Note that the Stoat action is appended at the end of the ci job. This one step can carry out various tasks according to the Stoat config.

2. Install Stoat

Set up Stoat with our getting started guide. During the CLI setup process, an action should have been appended to your GitHub workflow:

.github/workflows/ci.yaml
...
- name: Generate storybook
run: yarn build-storybook

- name: Run stoat action
uses: stoat-dev/stoat-action@v0
if: always()

3. Configure Stoat

Update .stoat/config.yaml and paste in the following content:

.stoat/config.yaml
---
version: 1
enabled: true
plugins:
job_runtime:
enabled: true
static_hosting:
merged-test-coverage:
path: coverage/merged/lcov-report
storybook:
path: storybook-static
cypress-video:
path: cypress/videos/spec.js.mp4

The Stoat config is a YAML file that contains a list of tasks. Each task contains one Stoat plugin. In the example above, we have four tasks:

  • Setting the job_runtime plugin to enabled reports the time it takes to run every GitHub job. The build data is tracked by the Stoat action attached to the ci job.
  • Task merged-test-coverage looks for the test coverage report under coverage/merged/lcov-report, and uses the Stoat static_hosting plugin to upload it to the Stoat server. The entire directory will be uploaded, so the preview will include all the HTML, JavaScript, and CSS files.
  • Task storybook is very similar. It looks for the static Storybook build under storybook-static, and uploads them to the Stoat server.
  • Same for the cypress-video task. The only difference is that this task uploads a single file instead of a directory.

4. That's It!

Now, commit the two files to the codebase, and create a pull request. After the build completes (about two minutes), you will be able to see the previews in a comment from the Stoat bot:

javascript comment screenshot (with ids)

Now you can click on the links to see the previews or watch the Cypress video. This comment will be auto updated whenever the CI workflow is triggered and completed.

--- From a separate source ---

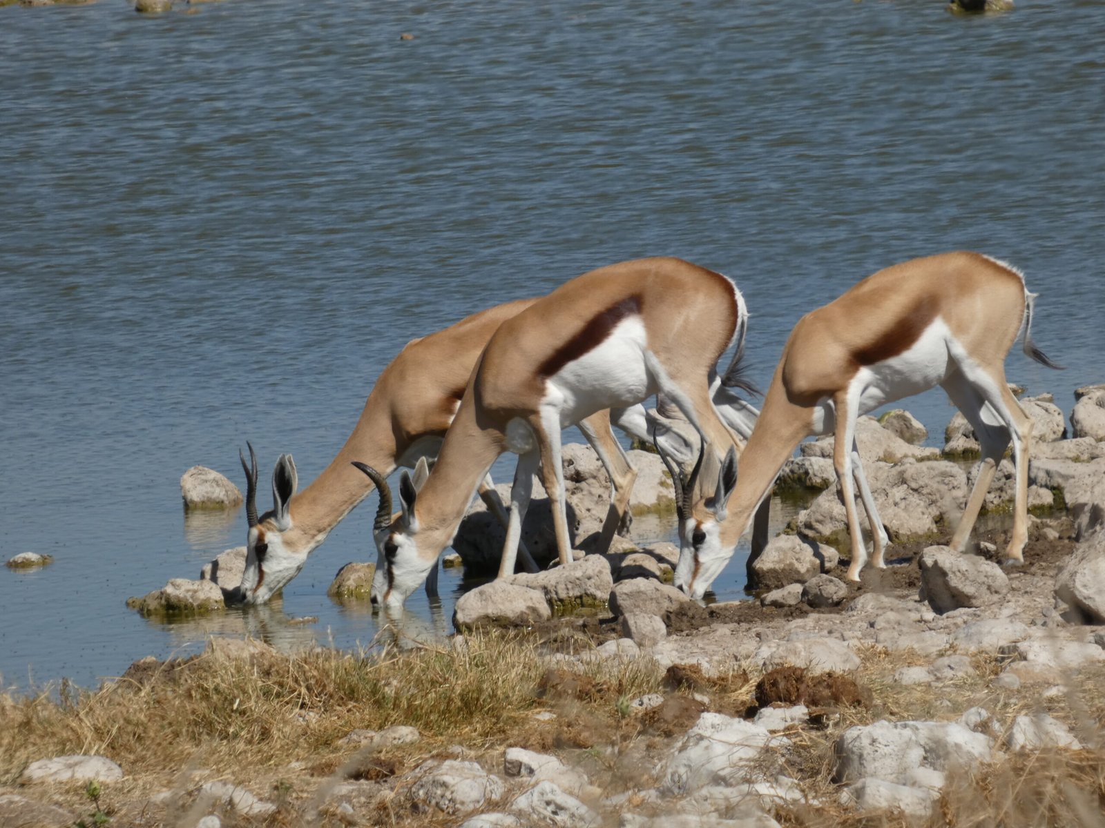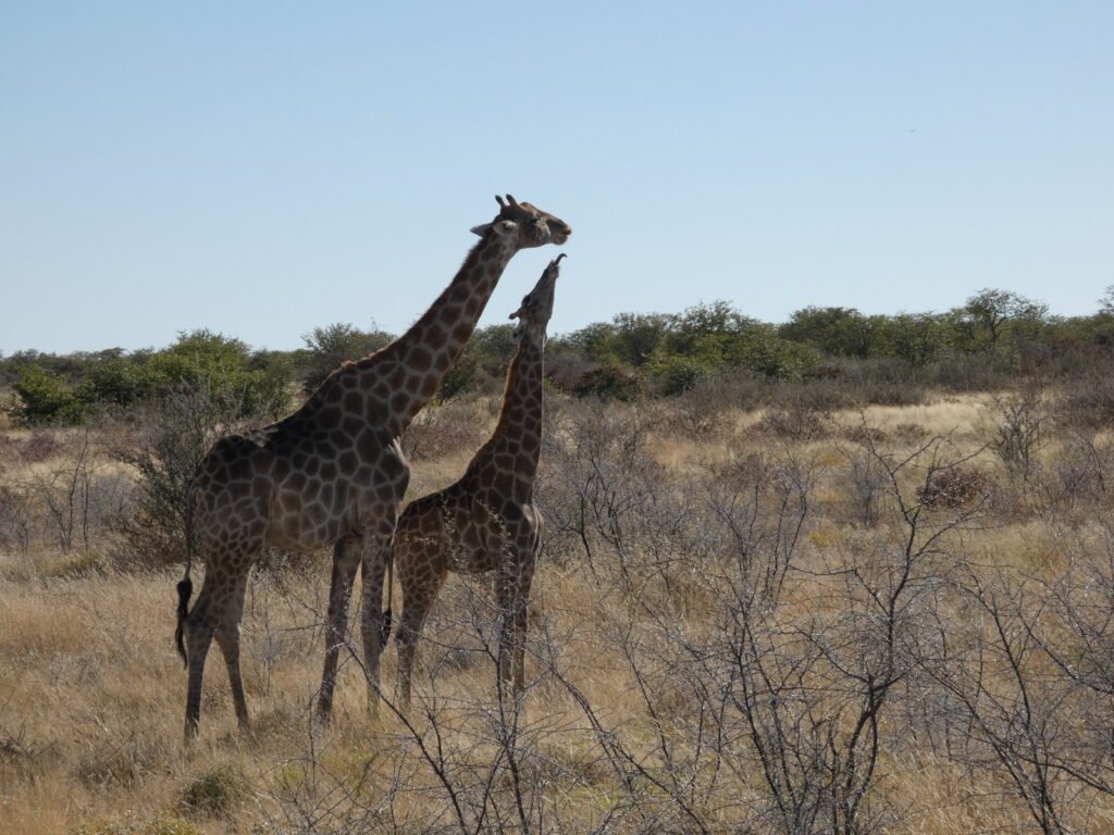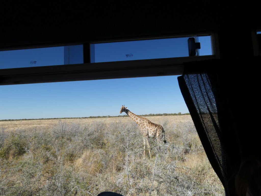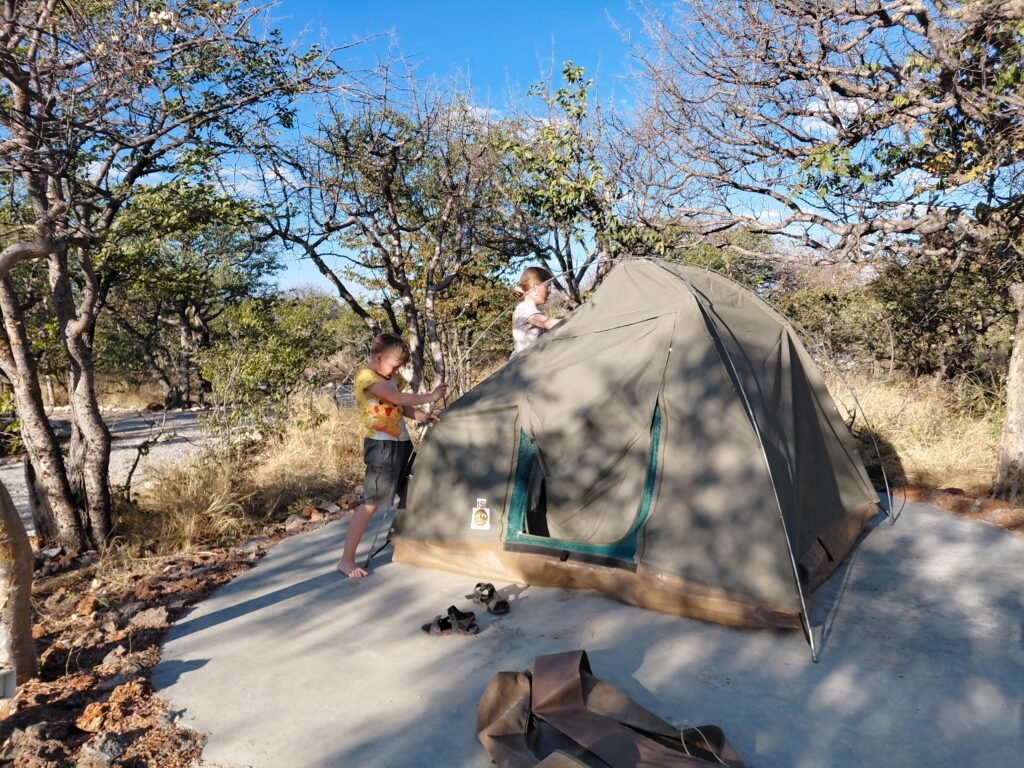 We spent the night at a campsite called Taleni, right next to Etosha National Park. As we drove in, we saw several kudu antelopes roaming around the area. Ronja was not at all thrilled about this, as she was naturally concerned about what animal she might bump into if she needed to leave the tent during the night. She suggested that we get rooms to solve the toilet problem, but her annoying parents said that it was much more fun to sleep in a tent and listen to the animals at night. Ronja was not reassured by the fact that the rooms were quite luxurious and spacious.

The Stoat comment is also highly customizable. For example, currently, in each row of the preview table, the Name column is just the task ID in the Stoat config. You can change it to something more friendly by adding a metadata name field to each of the task:

.stoat/config.yaml
version: 1
enabled: true
plugins:
job_runtime:
enabled: true
static_hosting:
merged-test-coverage:
# The metadata and name fields are newly added here.
metadata:
name: Test coverage report
path: coverage/merged/lcov-report
storybook:
metadata:
name: Storybook
path: storybook-static
cypress-video:
metadata:
name: Cypress video
path: cypress/videos/spec.js.mp4

Commit and push the change.

After another two minutes, the comment is updated with the new names and runtime chart:

javascript comment screenshot (with names)

You can find the exact pull request used for this tutorial here.

Now you're ready to start using Stoat for your JavaScript and TypeScript projects!